===== Supplied information =====

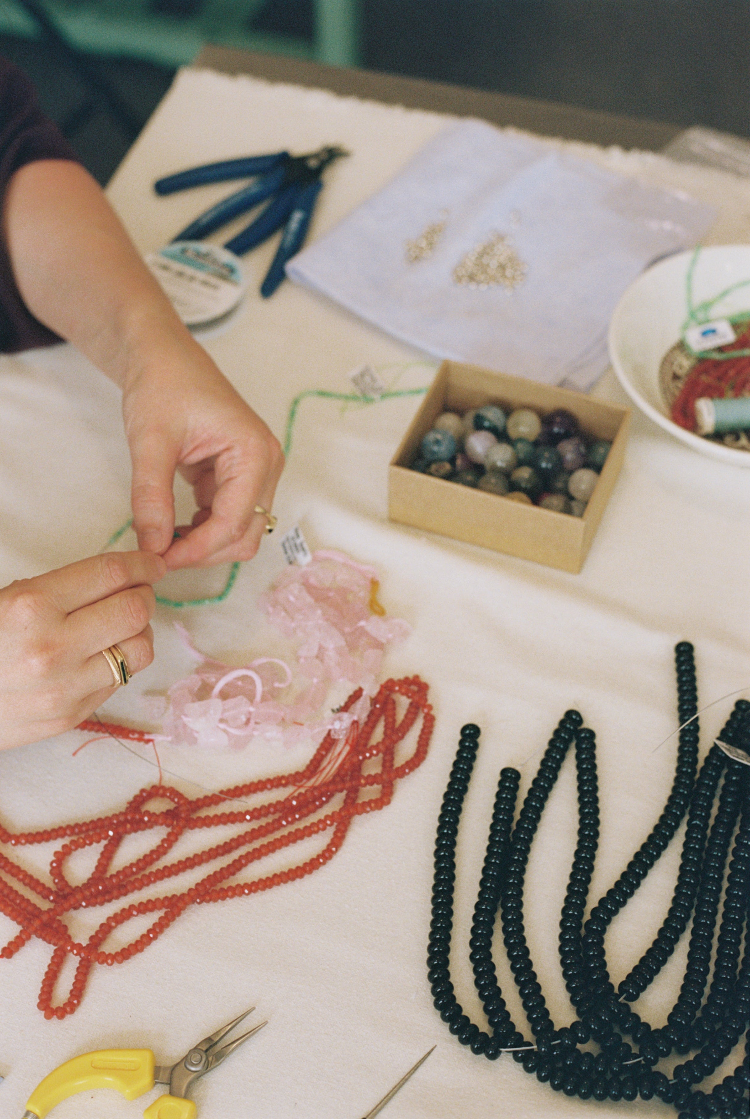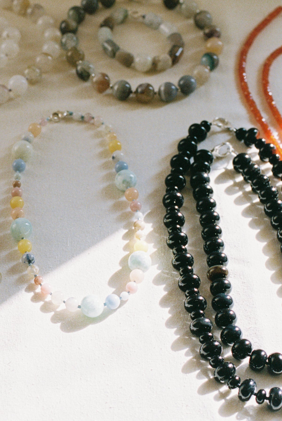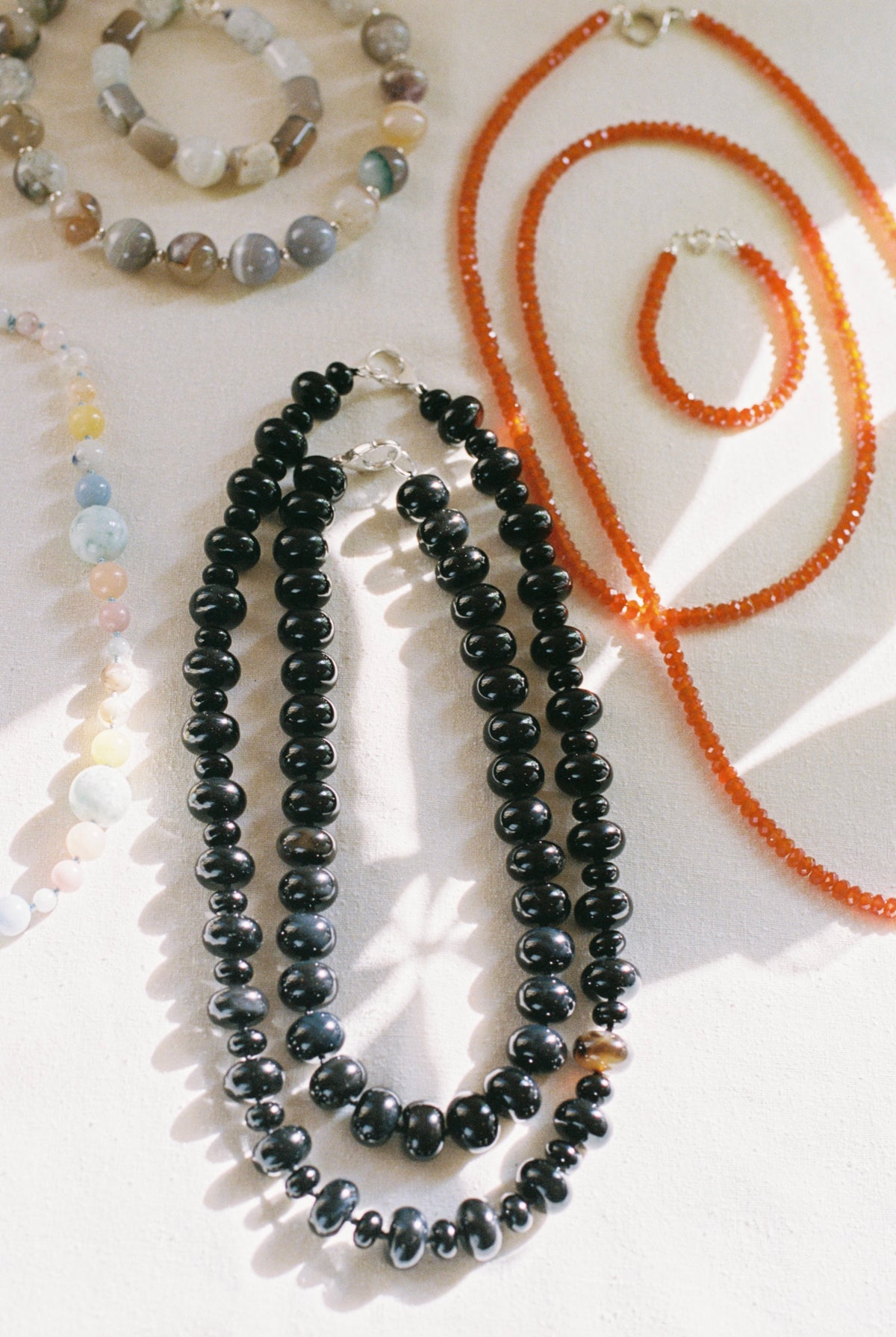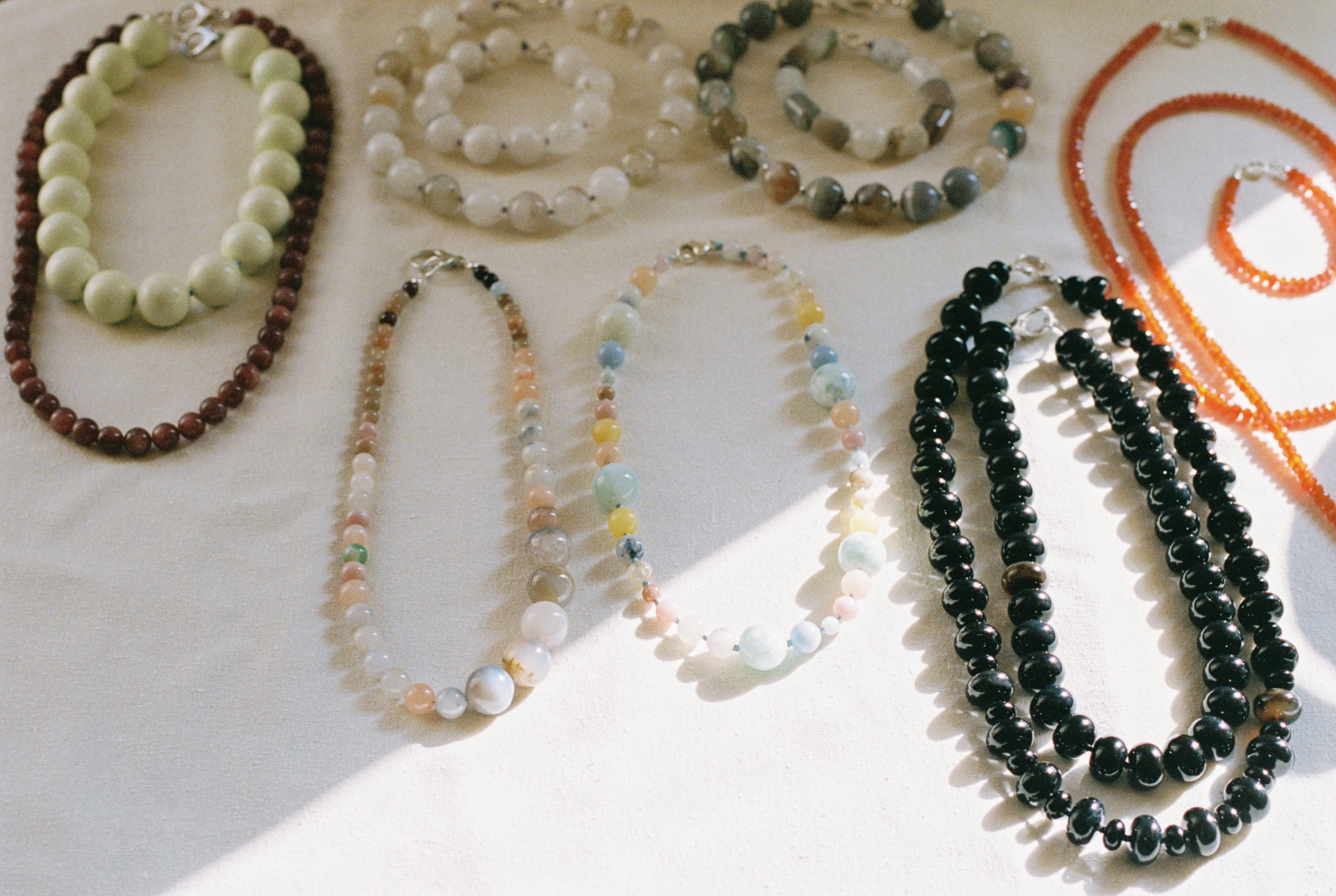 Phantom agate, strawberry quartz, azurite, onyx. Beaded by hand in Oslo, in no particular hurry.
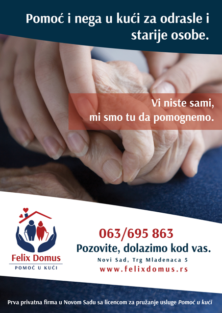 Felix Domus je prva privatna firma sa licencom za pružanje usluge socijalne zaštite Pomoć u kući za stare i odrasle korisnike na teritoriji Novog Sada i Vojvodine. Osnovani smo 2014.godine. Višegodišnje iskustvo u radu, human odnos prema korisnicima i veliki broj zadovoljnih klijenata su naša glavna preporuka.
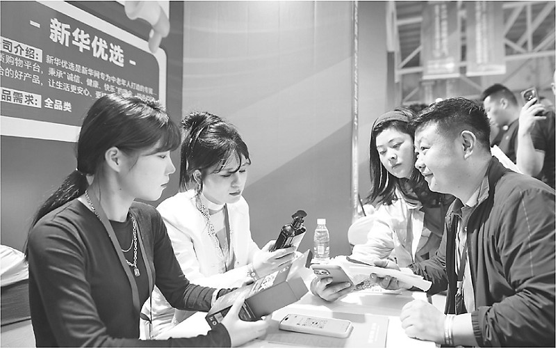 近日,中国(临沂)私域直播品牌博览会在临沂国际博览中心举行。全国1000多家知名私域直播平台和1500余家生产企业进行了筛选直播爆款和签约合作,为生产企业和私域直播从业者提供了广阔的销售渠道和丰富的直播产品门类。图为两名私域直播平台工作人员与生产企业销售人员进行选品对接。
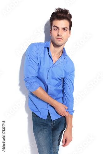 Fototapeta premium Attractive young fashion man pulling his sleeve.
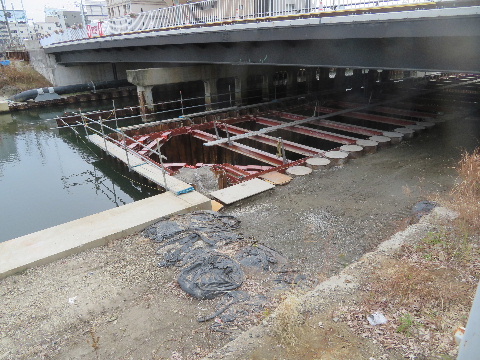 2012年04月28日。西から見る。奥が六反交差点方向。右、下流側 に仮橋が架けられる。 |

=====

#### What is required:
The answer should be an exact restatement of every entry, with the pictures omitted.

#### Your solution:
 Phantom agate, strawberry quartz, azurite, onyx. Beaded by hand in Oslo, in no particular hurry.
 Felix Domus je prva privatna firma sa licencom za pružanje usluge socijalne zaštite Pomoć u kući za stare i odrasle korisnike na teritoriji Novog Sada i Vojvodine. Osnovani smo 2014.godine. Višegodišnje iskustvo u radu, human odnos prema korisnicima i veliki broj zadovoljnih klijenata su naša glavna preporuka.
 近日,中国(临沂)私域直播品牌博览会在临沂国际博览中心举行。全国1000多家知名私域直播平台和1500余家生产企业进行了筛选直播爆款和签约合作,为生产企业和私域直播从业者提供了广阔的销售渠道和丰富的直播产品门类。图为两名私域直播平台工作人员与生产企业销售人员进行选品对接。
 Fototapeta premium Attractive young fashion man pulling his sleeve.
 2012年04月28日。西から見る。奥が六反交差点方向。右、下流側 に仮橋が架けられる。 |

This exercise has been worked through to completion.